If CPR is not undertaken in the absence of a DNAR decision, an advance decision refusing CPR or a documented assessment that CPR is not clinically indicated, the risk is that the provider may be found to have neglected the service user. At the provider level, this could lead to a number of adverse consequences including regulatory intervention by CQC, an adverse verdict by a coroner (should it go to an inquest) and potential criminal liability ranging from health and safety offences to corporate manslaughter. There is also a potentially liability in damages for negligence. Furthermore, a liability could arise on the part of the provider in relation to a local authority funded service user for breaches of the Human Rights Act 1998.  At the managerial and employee level there could be disciplinary issues, as well as the need for referrals to the Nursing and Midwifery Council and Independent Safeguarding Authority. There is also a risk of it becoming an adult protection matter with potential commissioning implications. All of this emphasises the need for care homes to have DNAR policies in place which are followed in relation to each and every service user.

CQC highlights the importance of DNAR decisions in its supporting note to its compliance inspectors on “End of life care”.  This guidance states that DNAR decisions “are an important element of care. Where possible, the individual’s preference should be elicited through advance discussions with them and their relatives and carers.”

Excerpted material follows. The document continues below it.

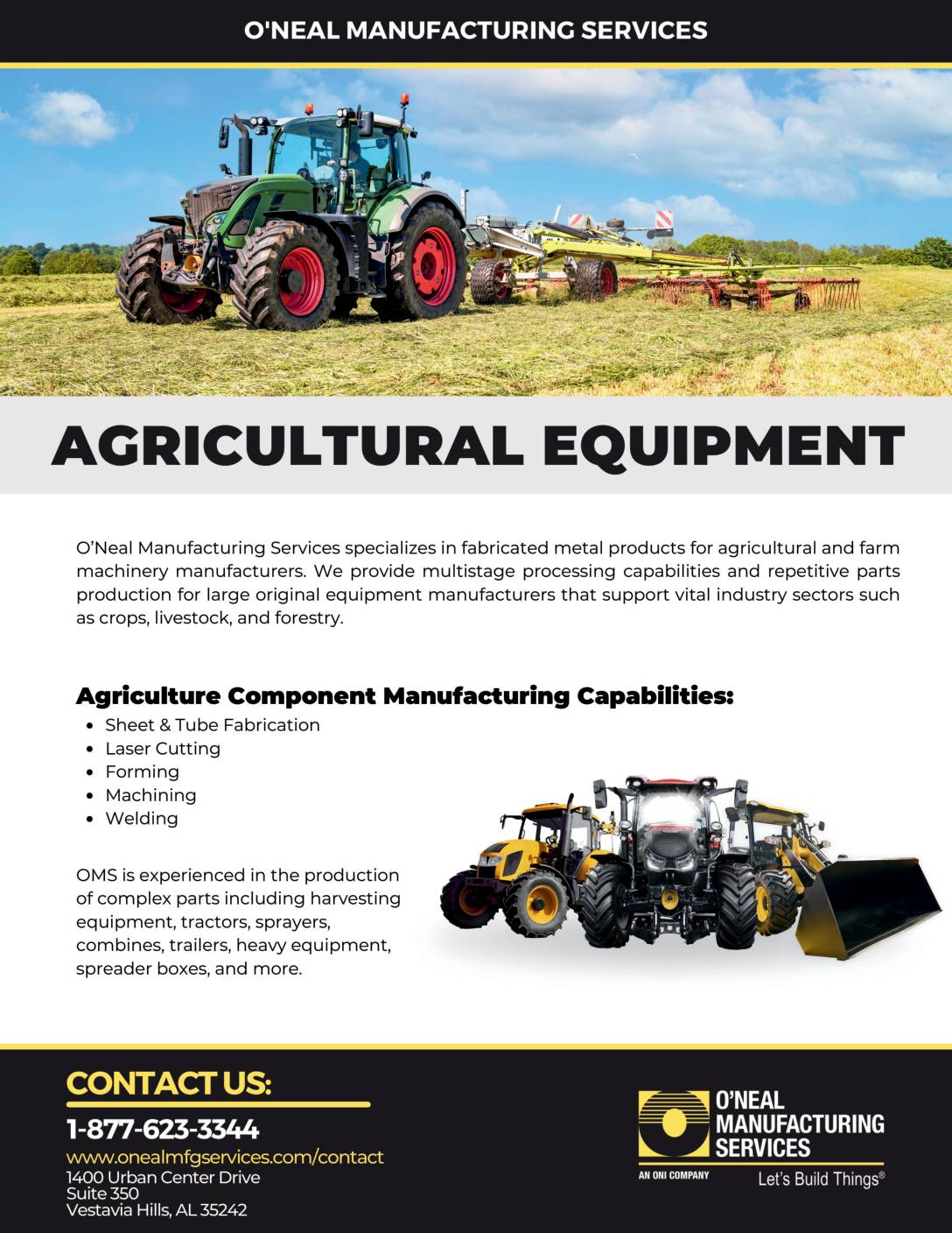 - O’Neal Manufacturing Services (OMS) provides a full-scale, integrated supply chain solution for agricultural OEMs. Our facilities are specifically equipped to handle the high-volume, repetitive production of heavy-duty components through the following core capabilities: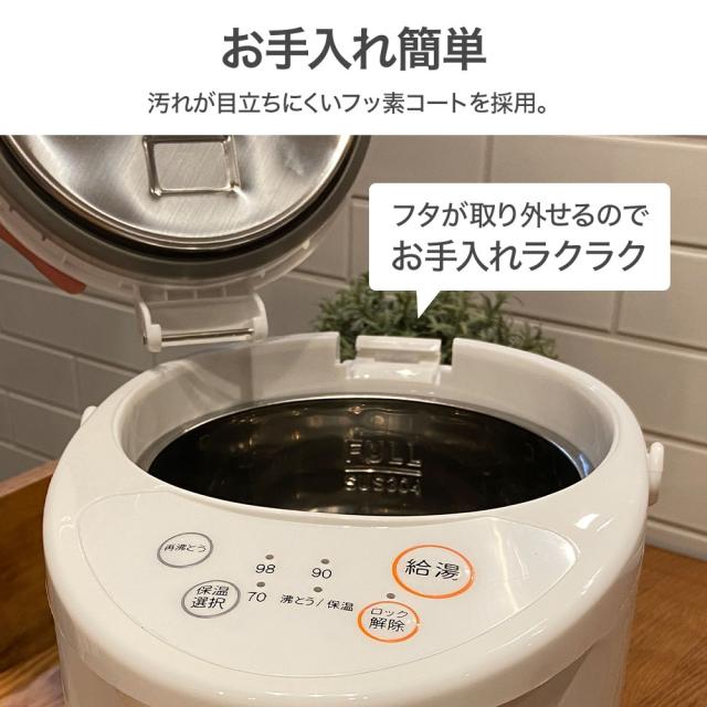 断熱性の高い素材と構造で電気ポット自体の保温性も大幅アップします。

It is clear that the DNAR issue is on the CQC radar. In October 2011, CQC criticised the York Teaching Hospital NHS Foundation Trust stating, “Documentation relating to whether a patient should be resuscitated or not, was not being completed correctly, or reviewed as required by the hospital’s own guidelines. This meant that some patients may have had an instruction that was out of date, incorrect or no longer in their best interests.”  In February 2012, CQC then criticised East Sussex Healthcare NHS Trust in relation to a “…lack of evidence that best interests meetings had taken place with regard to decisions on their behalf such as Do Not Attempt Resuscitation (DNAR) decisions.”  On the back of the criticism of care home DNAR practice in the March 2012 report, “Health care in care homes” one can expect CQC to continue to focus on this complex and sensitive area of practice.

It will be important for providers to reflect on their practice in this area, taking specialist legal and consultancy advice as necessary to ensure full compliance with the requirements of the Mental Capacity Act 2005 and the supporting Code of Practice in respect of both the formulation of policies and the effective implementation of DNAR decision-making on a service user by service user basis.  At Ridouts we are experienced in advising providers on such issues. For legal advice, please contact Neil Grant of Ridouts LLP on 020 7317 0347 and for consultancy advice, Fiona Wood of Gairnswood Limited on 01453 887909.

Key Points

  • Ensure you have a DNAR policy where it is appropriate to your service users needs.
  • Provide staff training in relation to DNAR policies and CPR
  • Make it part of your admission procedure to check if service users have any advanced decisions refusing CPR
  • Ensure you pro-actively engage appropriate clinical staff in the assessment of any individuals who are, or become at risk of cardiorespiratory arrest due to their clinical condition
  • Document all attempts to get GPs or other external clinical staff engaged in these discussions
  • Ensure you have, or can access support from staff trained to engage in a supportive dialogue with service users and families regarding DNAR issues where appropriate. Sensitive advance discussion should always be encouraged, but not forced. Have available information and leaflets for service users and families
  • Follow and document best interest discussions and decisions
  • Ensure decisions about attempting CPR are communicated effectively to relevant health and social care professionals.